Exercise prompt: Return the listing in full and exactly, but without a single picture.
++++++++++++++++++++
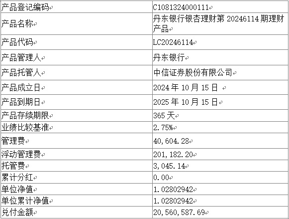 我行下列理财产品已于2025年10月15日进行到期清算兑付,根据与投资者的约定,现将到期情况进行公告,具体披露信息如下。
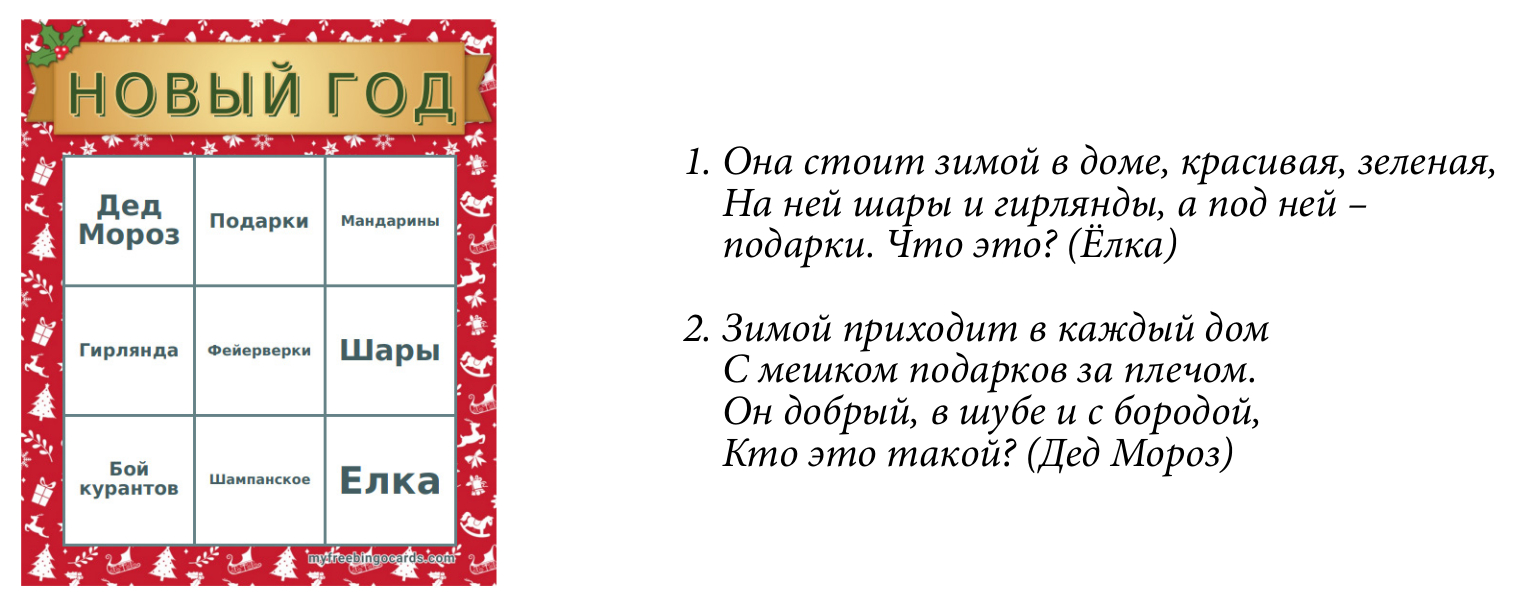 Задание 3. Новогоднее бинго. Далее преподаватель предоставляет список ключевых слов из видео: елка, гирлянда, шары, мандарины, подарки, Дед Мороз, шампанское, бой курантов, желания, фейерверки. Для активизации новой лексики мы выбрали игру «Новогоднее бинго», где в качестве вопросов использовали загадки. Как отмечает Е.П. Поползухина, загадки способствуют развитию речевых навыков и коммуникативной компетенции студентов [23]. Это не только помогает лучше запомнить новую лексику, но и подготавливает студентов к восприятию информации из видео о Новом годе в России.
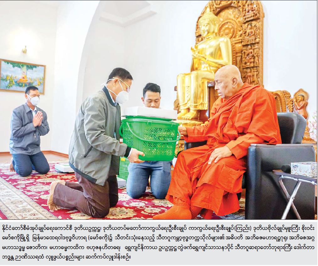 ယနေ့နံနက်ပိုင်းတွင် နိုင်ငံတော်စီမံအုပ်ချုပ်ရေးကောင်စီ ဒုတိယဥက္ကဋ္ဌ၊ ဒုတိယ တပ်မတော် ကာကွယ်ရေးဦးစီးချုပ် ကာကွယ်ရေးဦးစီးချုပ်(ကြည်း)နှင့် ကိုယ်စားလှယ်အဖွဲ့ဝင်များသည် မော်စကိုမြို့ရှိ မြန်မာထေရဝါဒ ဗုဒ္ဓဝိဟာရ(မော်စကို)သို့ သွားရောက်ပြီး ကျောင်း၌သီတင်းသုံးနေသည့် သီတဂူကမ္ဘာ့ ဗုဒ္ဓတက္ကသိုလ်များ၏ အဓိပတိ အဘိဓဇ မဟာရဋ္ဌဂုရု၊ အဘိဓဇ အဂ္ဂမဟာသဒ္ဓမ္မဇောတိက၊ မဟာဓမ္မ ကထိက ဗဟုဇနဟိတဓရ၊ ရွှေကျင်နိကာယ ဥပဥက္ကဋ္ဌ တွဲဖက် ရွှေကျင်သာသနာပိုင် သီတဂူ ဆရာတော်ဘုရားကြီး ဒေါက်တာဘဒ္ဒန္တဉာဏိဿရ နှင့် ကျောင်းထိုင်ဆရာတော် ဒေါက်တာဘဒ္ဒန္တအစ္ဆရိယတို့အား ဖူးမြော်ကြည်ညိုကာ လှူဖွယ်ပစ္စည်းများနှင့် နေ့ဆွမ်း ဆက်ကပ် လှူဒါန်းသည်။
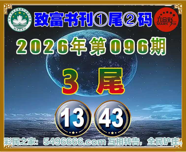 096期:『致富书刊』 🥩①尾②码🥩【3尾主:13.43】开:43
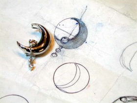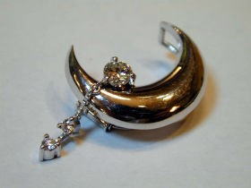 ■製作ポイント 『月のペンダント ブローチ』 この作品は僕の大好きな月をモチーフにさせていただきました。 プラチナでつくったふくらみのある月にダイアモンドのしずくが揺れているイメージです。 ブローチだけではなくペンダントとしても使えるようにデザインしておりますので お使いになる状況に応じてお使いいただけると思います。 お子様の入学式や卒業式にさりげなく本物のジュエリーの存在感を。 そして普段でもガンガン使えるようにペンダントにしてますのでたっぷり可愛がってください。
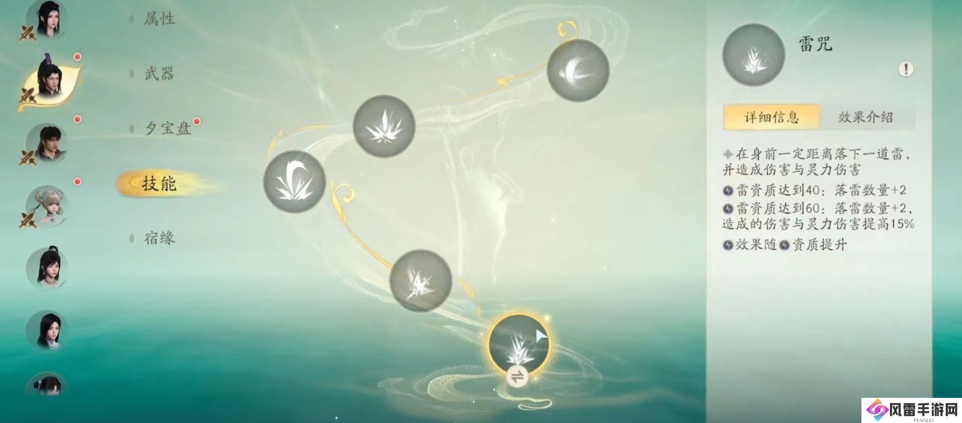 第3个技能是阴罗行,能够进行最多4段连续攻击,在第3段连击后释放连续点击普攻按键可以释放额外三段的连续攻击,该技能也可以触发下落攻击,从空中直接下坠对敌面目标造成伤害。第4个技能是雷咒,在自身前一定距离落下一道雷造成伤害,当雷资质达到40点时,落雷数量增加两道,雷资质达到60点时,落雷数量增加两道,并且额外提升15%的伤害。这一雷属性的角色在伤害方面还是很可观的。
++++++++++++++++++++
Task solution:
 我行下列理财产品已于2025年10月15日进行到期清算兑付,根据与投资者的约定,现将到期情况进行公告,具体披露信息如下。
 Задание 3. Новогоднее бинго. Далее преподаватель предоставляет список ключевых слов из видео: елка, гирлянда, шары, мандарины, подарки, Дед Мороз, шампанское, бой курантов, желания, фейерверки. Для активизации новой лексики мы выбрали игру «Новогоднее бинго», где в качестве вопросов использовали загадки. Как отмечает Е.П. Поползухина, загадки способствуют развитию речевых навыков и коммуникативной компетенции студентов [23]. Это не только помогает лучше запомнить новую лексику, но и подготавливает студентов к восприятию информации из видео о Новом годе в России.
 ယနေ့နံနက်ပိုင်းတွင် နိုင်ငံတော်စီမံအုပ်ချုပ်ရေးကောင်စီ ဒုတိယဥက္ကဋ္ဌ၊ ဒုတိယ တပ်မတော် ကာကွယ်ရေးဦးစီးချုပ် ကာကွယ်ရေးဦးစီးချုပ်(ကြည်း)နှင့် ကိုယ်စားလှယ်အဖွဲ့ဝင်များသည် မော်စကိုမြို့ရှိ မြန်မာထေရဝါဒ ဗုဒ္ဓဝိဟာရ(မော်စကို)သို့ သွားရောက်ပြီး ကျောင်း၌သီတင်းသုံးနေသည့် သီတဂူကမ္ဘာ့ ဗုဒ္ဓတက္ကသိုလ်များ၏ အဓိပတိ အဘိဓဇ မဟာရဋ္ဌဂုရု၊ အဘိဓဇ အဂ္ဂမဟာသဒ္ဓမ္မဇောတိက၊ မဟာဓမ္မ ကထိက ဗဟုဇနဟိတဓရ၊ ရွှေကျင်နိကာယ ဥပဥက္ကဋ္ဌ တွဲဖက် ရွှေကျင်သာသနာပိုင် သီတဂူ ဆရာတော်ဘုရားကြီး ဒေါက်တာဘဒ္ဒန္တဉာဏိဿရ နှင့် ကျောင်းထိုင်ဆရာတော် ဒေါက်တာဘဒ္ဒန္တအစ္ဆရိယတို့အား ဖူးမြော်ကြည်ညိုကာ လှူဖွယ်ပစ္စည်းများနှင့် နေ့ဆွမ်း ဆက်ကပ် လှူဒါန်းသည်။
 096期:『致富书刊』 🥩①尾②码🥩【3尾主:13.43】开:43
 ■製作ポイント 『月のペンダント ブローチ』 この作品は僕の大好きな月をモチーフにさせていただきました。 プラチナでつくったふくらみのある月にダイアモンドのしずくが揺れているイメージです。 ブローチだけではなくペンダントとしても使えるようにデザインしておりますので お使いになる状況に応じてお使いいただけると思います。 お子様の入学式や卒業式にさりげなく本物のジュエリーの存在感を。 そして普段でもガンガン使えるようにペンダントにしてますのでたっぷり可愛がってください。
 第3个技能是阴罗行,能够进行最多4段连续攻击,在第3段连击后释放连续点击普攻按键可以释放额外三段的连续攻击,该技能也可以触发下落攻击,从空中直接下坠对敌面目标造成伤害。第4个技能是雷咒,在自身前一定距离落下一道雷造成伤害,当雷资质达到40点时,落雷数量增加两道,雷资质达到60点时,落雷数量增加两道,并且额外提升15%的伤害。这一雷属性的角色在伤害方面还是很可观的。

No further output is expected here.